Nigeria Revenue Service

Agency overview
- Formed: 1943
- Preceding agency: Federal Inland Revenue Service;
- Jurisdiction: Nigeria
- Headquarters: Abuja;
- Agency executive: Zaccheus Adedeji, Executive Chairman;
- Website: Official website

= Nigeria Revenue Service =

Nigerian government tax and revenue agency

The Nigeria Revenue Service (NRS), formerly the Federal Inland Revenue Service (FIRS), is the agency responsible for assessing, collecting and accounting for tax and other revenues accruing to the Federal Government of Nigeria. In the 2025 fiscal year, the Service generated a record ₦28.3 trillion in revenue, representing a 30% increase from the previous year

==History==
The Federal Inland Revenue Service (FIRS) was created in 1943. Prior to that time, its functions had been performed by the Inland Revenue Department of British West Africa. The Board of Inland Revenue was created in 1958, and the service gained autonomy with the passing of the FIRS (Establishment) Act No. 13 of 2007.

In 2003, the Federal Government of Nigeria recognized that poor service delivery in the public sector had become an urgent national issue and undertook a series of steps that led to the entering into a Service Compact (SERVICOM) with all Nigerians in March 2004. This was followed by the creation of the SERVICOM office within the Presidency to ensure the entrenchment of excellent service delivery in the public sector in policy, programmes and practice.

In line with the subsequent Presidential Mandate, the FIRS created a unit in 2014 to institutionalize Service Delivery within the Service. This unit has undergone various transformations to meet the tempo of ever-changing FIRS organizational reforms and the needs of taxpaying public and stakeholders. In 2011, FIRS created a Taxpayer Service Department (TPSD) for enhanced focus on taxpayers, as well as a National Taxpayer Advocate position (in 2012) to ensure effective high-level advocacy for taxpayers.

==Reform and renaming (2025)==
In 2025, the Nigerian government enacted major reforms to modernise tax administration. The Federal Inland Revenue Service (FIRS) was officially renamed the Nigeria Revenue Service (NRS) following the passage of the Nigeria Revenue Service (Establishment) Act, 2025.

The reform introduced measures aimed at simplifying compliance, broadening the tax base, and boosting revenue collection. The NRS was given expanded powers to improve automation, integrate digital platforms and strengthen enforcement.
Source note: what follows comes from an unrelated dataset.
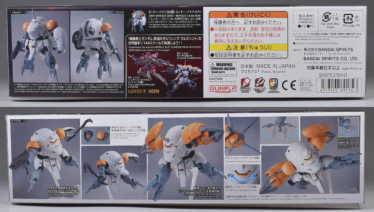 今回は、HG 1/144 モンキーロディ(598機)/モンキークラブロディのパッケージ、説明書、ランナーのレビューをご紹介します!その他、カラーガイド等のレビューも合わせてご紹介していきます。では箱絵からどうぞ。
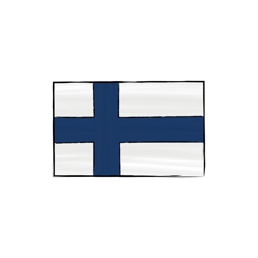 Flag of Finland with outline on a white background. Hand-drawn illustration in sketch style. Isolated image, perfect for posters, web design, education, infographics, prints, and presentations. Pro Vector

Professional services firms noted that the reforms represented the most comprehensive update to Nigeria’s tax laws in decades, harmonising multiple statutes and streamlining processes.

==Leadership==
Organisational structure/board

According to the FIRS Act, the organisational structure of FIRS consisted of:
- Executive chairman
- Nine members with relevant qualifications and expertise appointed by the president to represent each of the 9 geo-political zones
- A representative of the attorney-general of the federation
- The governor of the Central Bank of Nigeria or his representative
- A representative of the minister of finance not below the rank of a director
- The chairman of the Revenue Mobilization, Allocation and Fiscal Commission
- The group managing director of the Nigerian National Petroleum Corporation
- The comptroller-general of the Nigeria Customs Service or his representative not below the rank of Deputy Comptroller-General
- The registrar-general of the Corporate Affairs Commission or his representative
- The chief executive officer of the National Planning Commission or his representative

President Muhammadu Buhari appointed Muhammad Mamman Nami as executive chairman in December 2019, replacing Babatunde Fowler.

The incumbent executive chairman is Zacch Adedeji, appointed by President Bola Tinubu on 14 September 2023.

==Investigation and operations==
The NRS is responsible for the assessment, collection and accounting of taxes to the Government:

- The timely provision and publication of accurate data and annual reports to the Federal Government of Nigeria and other stakeholders to inform national economic planning, academic research, tax policy and development legislation
- The timely provision of tax advisory services, rulings, guidance notes and clarifications on request and to the public in general
- The regular investigation, enforcement and prosecution of tax defaulters as provided by the law
- The issuance of “Taxpayer Identification Number” (TIN) at no cost to the taxpayer
- The prompt processing of payment claims and tax refund requests received, within stated timeframes
- Undertake appropriate actions to reduce arrears and minimise debt profile
- The regular and accurate reconciliation of taxes received into Federation, Consolidated and VAT accounts as the case may be
- Provision of tax education and information to taxpayers through diverse channels and languages

==Online services==
In 2025, an independent online platform called NairaTax. was launched to provide Nigerians with free tax calculators and resources to estimate their tax obligations. The platform complements official e-services provided by the NRS.

On 10 June, 2026, the Nigeria Revenue Service launched Rev360, a digital tax administration platform that replaced the earlier TaxPro Max system. Rev360 brings together taxpayer registration, filing, payment processing, compliance management, reporting,and support services in one integrated platform.